CREATE TABLE IF NOT EXISTS rate_limits (
  key STRING NOT NULL,
  count INT NOT NULL,
  ts TIMESTAMPTZ NOT NULL,
  PRIMARY KEY (key, ts)
);
CREATE INDEX IF NOT EXISTS idx_rate_limits_cleanup ON rate_limits (key, ts);

To address identifier spoofing, configure Express to trust the proxy and use req.ip consistently. Set app.set('trust proxy', 1) when behind a load balancer, and avoid relying on X-Forwarded-For without validation. Combine this with short, fixed time windows and monotonic counters to reduce boundary issues. For continuous monitoring, use the middleBrick dashboard or the CLI (middlebrick scan <url>) to detect inconsistencies in rate-limiting behavior and validate that enforcement aligns with your policy.

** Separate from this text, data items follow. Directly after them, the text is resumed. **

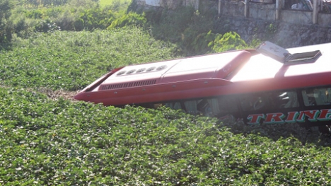 (Tinmoi.vn) Do tránh xe ô tô bất ngờ quẹo sang đường để mua xăng, chiếc xe khách đánh tay lái và cắm đầu xuống ruộng, gây thiệt hại về người và của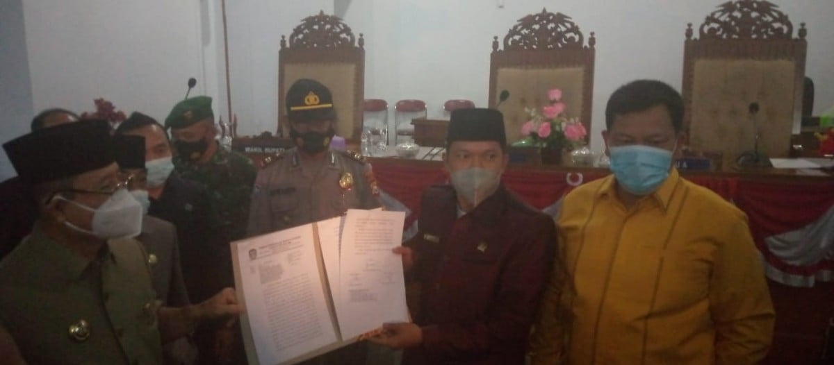 Rapat Paripurna dilaksanakan mendaklanjuti adanya Surat Mahkamah Konstitusi Republik Indonesia Nomor 165/PAN.MK/01/2021 Tanggal 20 Januari 2021 hal keterangan perkara PHP-GUB/Kab/Kot Tahun 2021 yang di registrasi di Mahkamah Konstitusi dan Surat Komisi Pemilihan Umum Republik Indonesia Nomor 60/PL.02.7-SD/03/KPU/2021 tanggal 20 Januari 2021 hal Penetapan Pasangan Calon Terpilih Pemilihan Serentak Tahun 2020.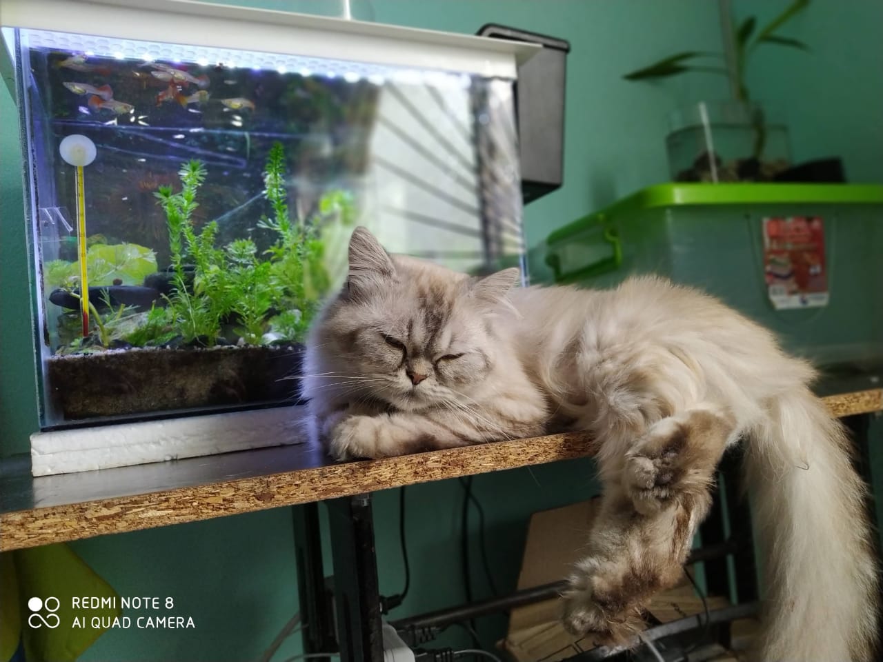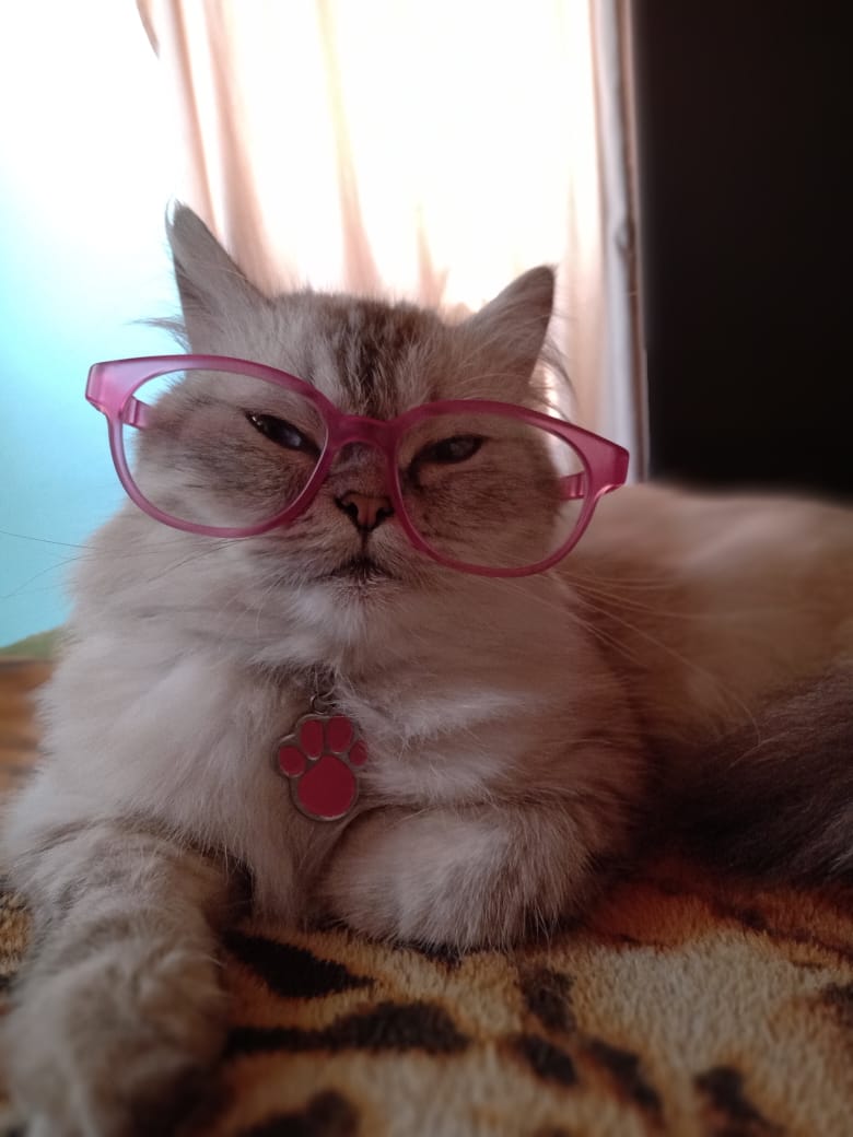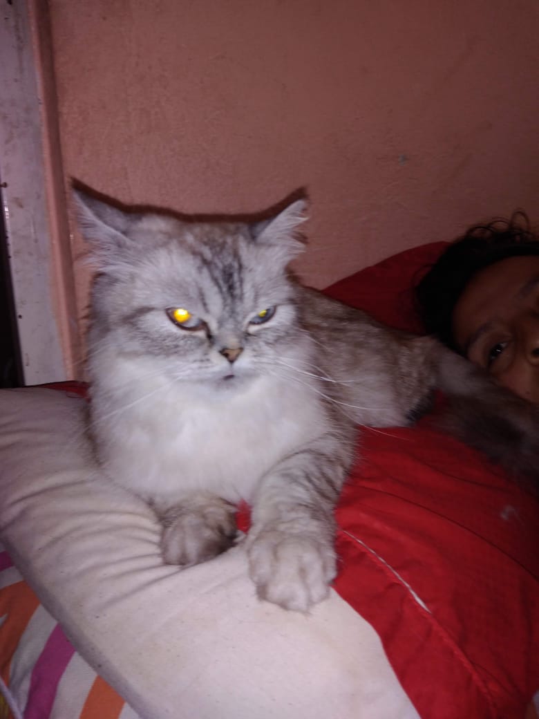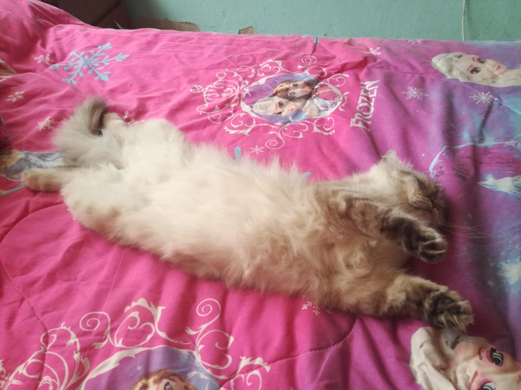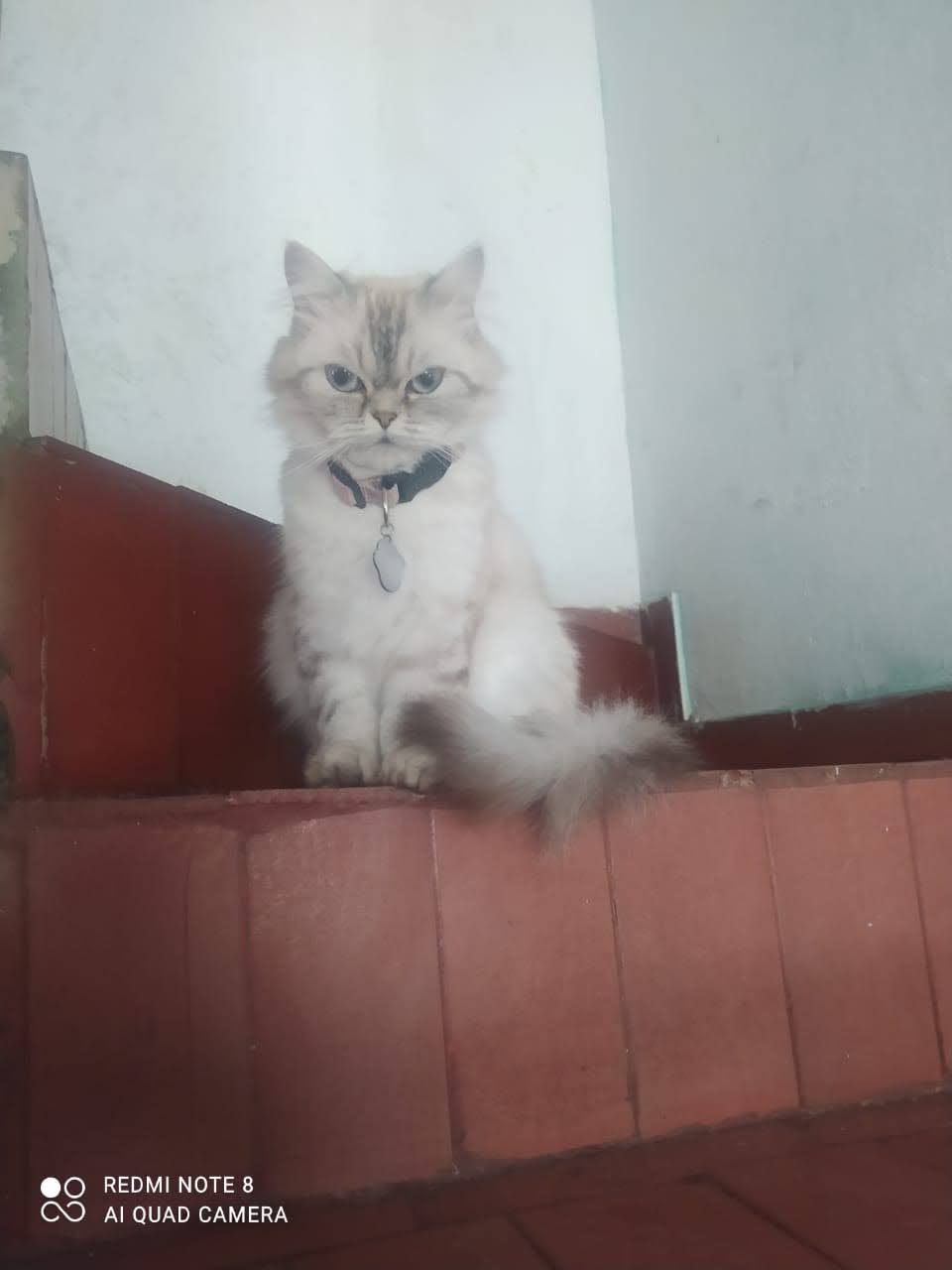 ✅ Es blanca de lineas cafe, cola larga esponjada, cara chata y redonda, pelo abundante peladita en el lomo y la base de la cola por que se rasca.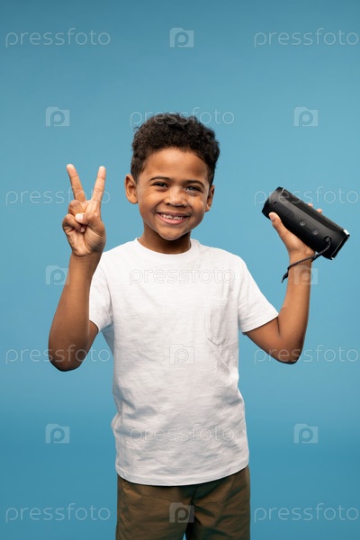 Веселый маленький мальчик африканской национальности показывает мирный жест, развлекаясь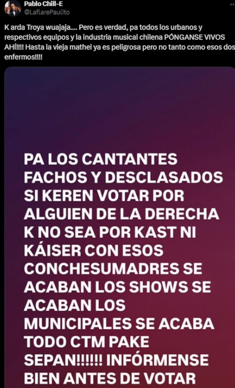 “Pa’ los cantantes fachos y desclasados, si quieren votar por alguien de la derecha que no sea por Kast ni Kaiser, con esos conchesumadres se acaban los shows, se acaban los municipales, se acaba todo, CTM. Pa’ que sepan, infórmense bien antes de votar”, añadió.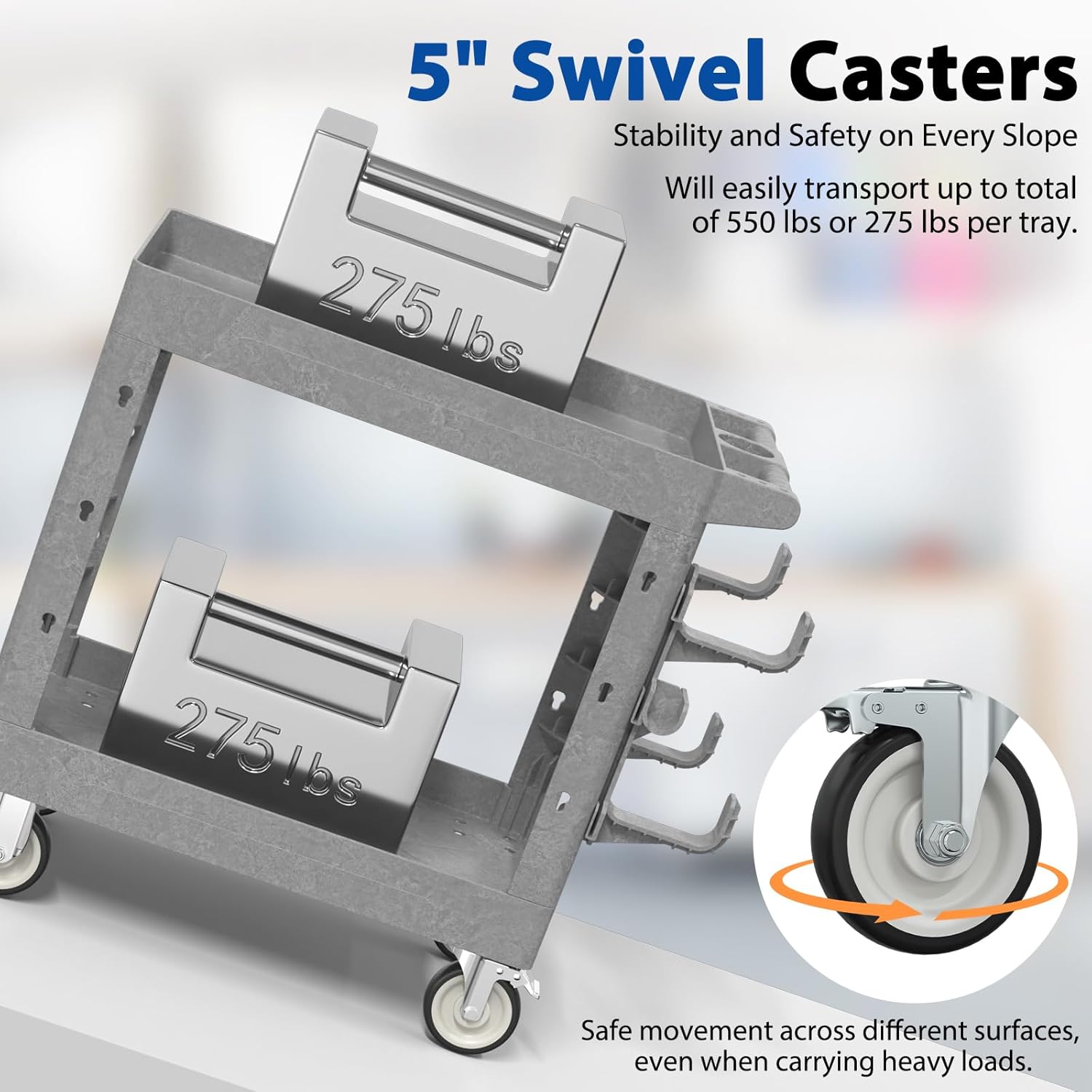 Heavy Duty Rolling Utility Cart with Wheels 2 Tier Utility Plastic Service Work Cart for Shop, Garage, Warehouse, Maintenance 550 lbs

Related CWEs: resourceConsumption

CWE IDNameSeverity
CWE-400Uncontrolled Resource Consumption HIGH
CWE-770Allocation of Resources Without Limits MEDIUM
CWE-799Improper Control of Interaction Frequency MEDIUM
CWE-835Infinite Loop HIGH
CWE-1050Excessive Platform Resource Consumption MEDIUM

Frequently Asked Questions

Why do I need to retry transactions on serialization errors with CockroachDB in Express?
CockroachDB uses strict serializable isolation; concurrent writes that conflict will abort one transaction with a code 40001 error. Retrying ensures the increment-and-check operation succeeds despite interleaving, preventing lost updates that could lead to rate-limit bypass.
Can relying on the database alone prevent rate-limiting bypasses without Express-side enforcement?
No. The database enforces correctness only when the application uses atomic operations and retries. If Express routes skip the rate-limiting check or call it inconsistently, attackers can bypass limits regardless of CockroachDB's capabilities. Consistent middleware and transaction design are essential.